Current guidelines still emphasize biochemical response as a marker to guide therapeutic decisions, but this study supports integrating contemporaneous LSM into holistic prognostication frameworks. Future studies might elucidate if combined stratification using LSM and biochemical markers can optimize timing for second-line agents or LT referral.
Conclusion
In conclusion, this comprehensive investigation establishes the most recent liver stiffness measurement as the strongest predictor of first hepatic decompensation in primary biliary cholangitis, overshadowing prior biochemical response status and LSM trajectories. Given that discordance between biochemical and LSM responses is common, clinicians should consider current LSM results paramount when assessing prognosis and planning management. These findings advocate for wider incorporation of LSM into routine PBC monitoring to improve earlier risk detection and inform clinical decisions.

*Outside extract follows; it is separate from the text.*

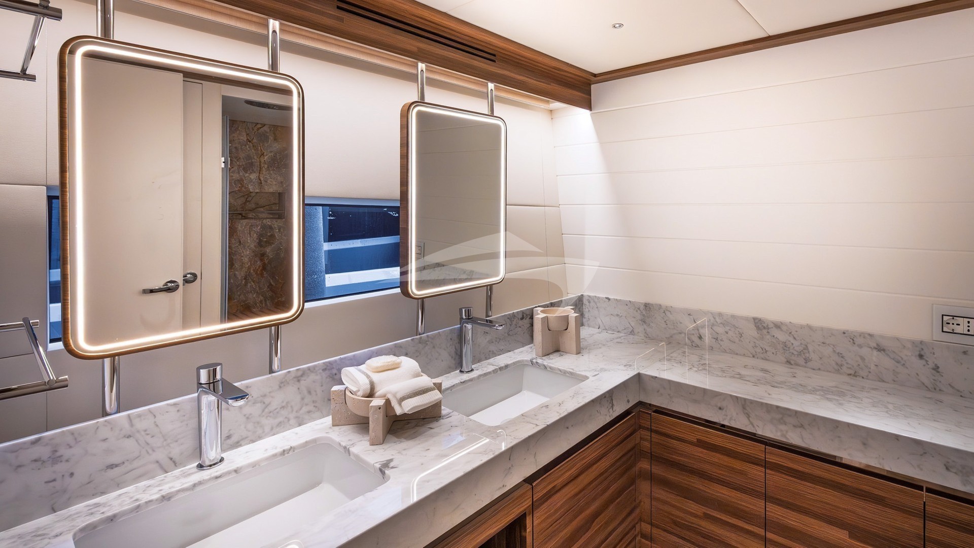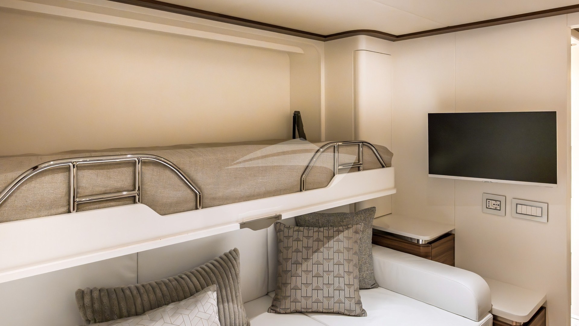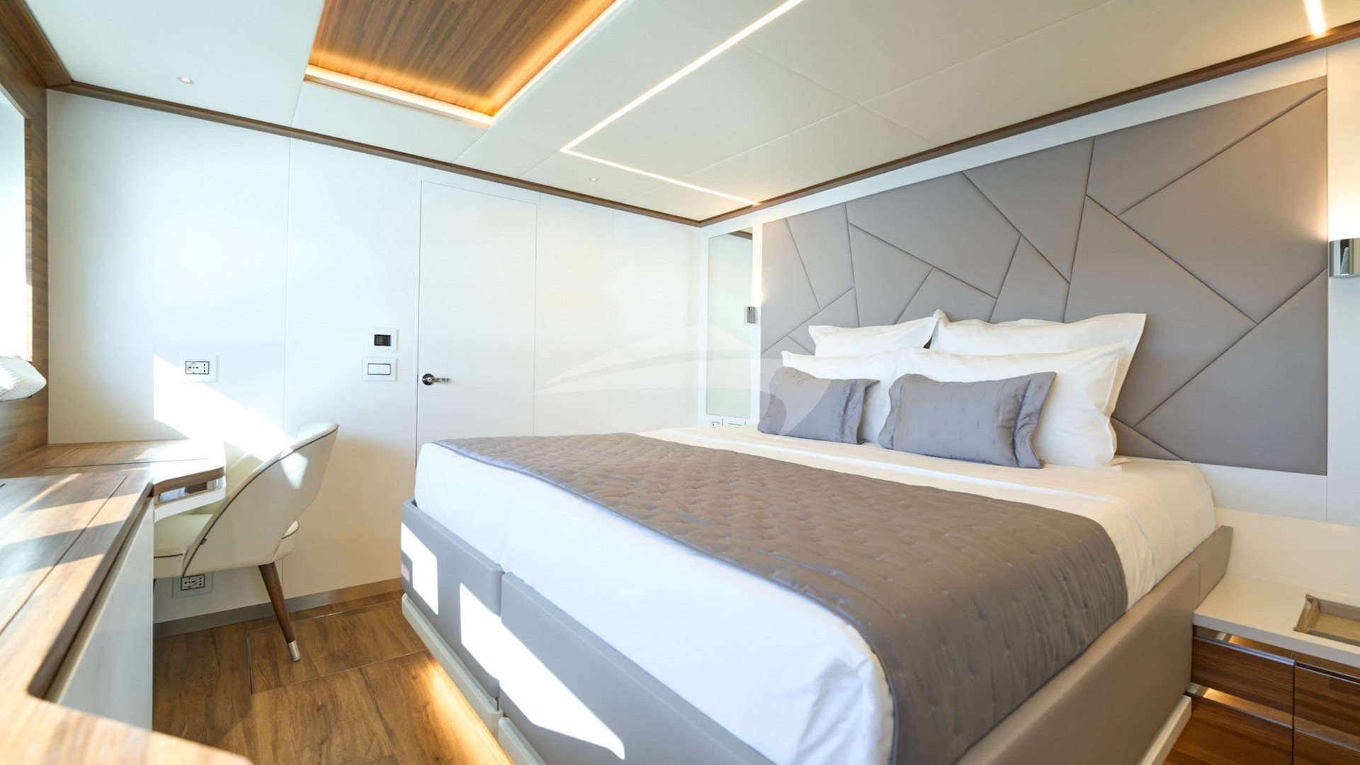 Up to 9 Guests in 4 en-suite stateroomsGuest Cabin Configuration:Large port hull Master cabin with convertible beds (King-size or 2 Twins), walk-in dressing room, en-suite bathroom with shower and double designer sinksStudio to port hull, convertible to Double cabin with additional Pullman bed, office desk, closet and en-suite bathroom (Studio can be connected to Master cabin as an extended adjacent living room/office or a Guest cabin for Starboard hull VIP cabin with convertible beds (King-size or 2 Twins), walk-in dressing room, en-suite bathroomStarboard hull Guest cabin with convertible beds (King-size or 2 Twins), closets, en-suite bathroomMain deck central platform with fully equipped galley to port, forward interior dining area for 9, central entertainment center with large 65” LED TV, large panoramic saloon to port with lounging sofa, wheelhouse with chart table, stairwells to both hullsDay head and utility room to port side in front of the saloon
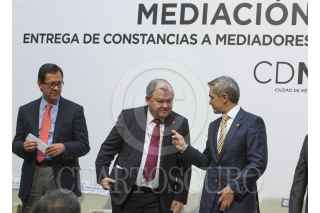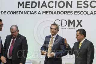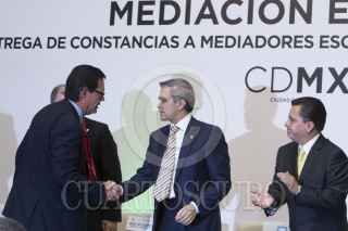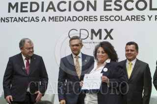 MÉXICO, D.F., 08JULIO2014.- Miguel Ángel Mancera, jefe de Gobierno del D.F. acompañado de Roberto Campa Cifrián, subsecretario de gobernación, Edgar Elías Azar, Presidente del Tribunal Superior de Justicia. y del Consejo de la Judicatura del Distrito Federal y Manuel Granados Covarrubias, presidente de la Asamblea Legislativa del D.F. encabezo la ceremonia de entrega de reconocimientos a Mediadores Escolares. FOTO: GUILLERMO PEREA /CUARTOSCURO.COM

Funding and ClinicalTrials.gov
The study was conducted by the Global & ERN Rare-Liver PBC Study Groups with multi-institutional funding support, as detailed in the original publication. There is no specific ClinicalTrials.gov registry number listed.
References
1. Wong YJ, Lam L, Soret PA, et al. Prognostic value of liver stiffness measurement vs. biochemical response in primary biliary cholangitis. J Hepatol. 2025 Oct 3:S0168-8278(25)02519-X. doi: 10.1016/j.jhep.2025.09.024.
2. European Association for the Study of the Liver. EASL Clinical Practice Guidelines: The diagnosis and management of patients with primary biliary cholangitis. J Hepatol. 2017;67(1):145–172.
3. Parés A, Caballería L, Rodés J. Update in primary biliary cirrhosis. J Hepatol. 2006;44(4):677-685.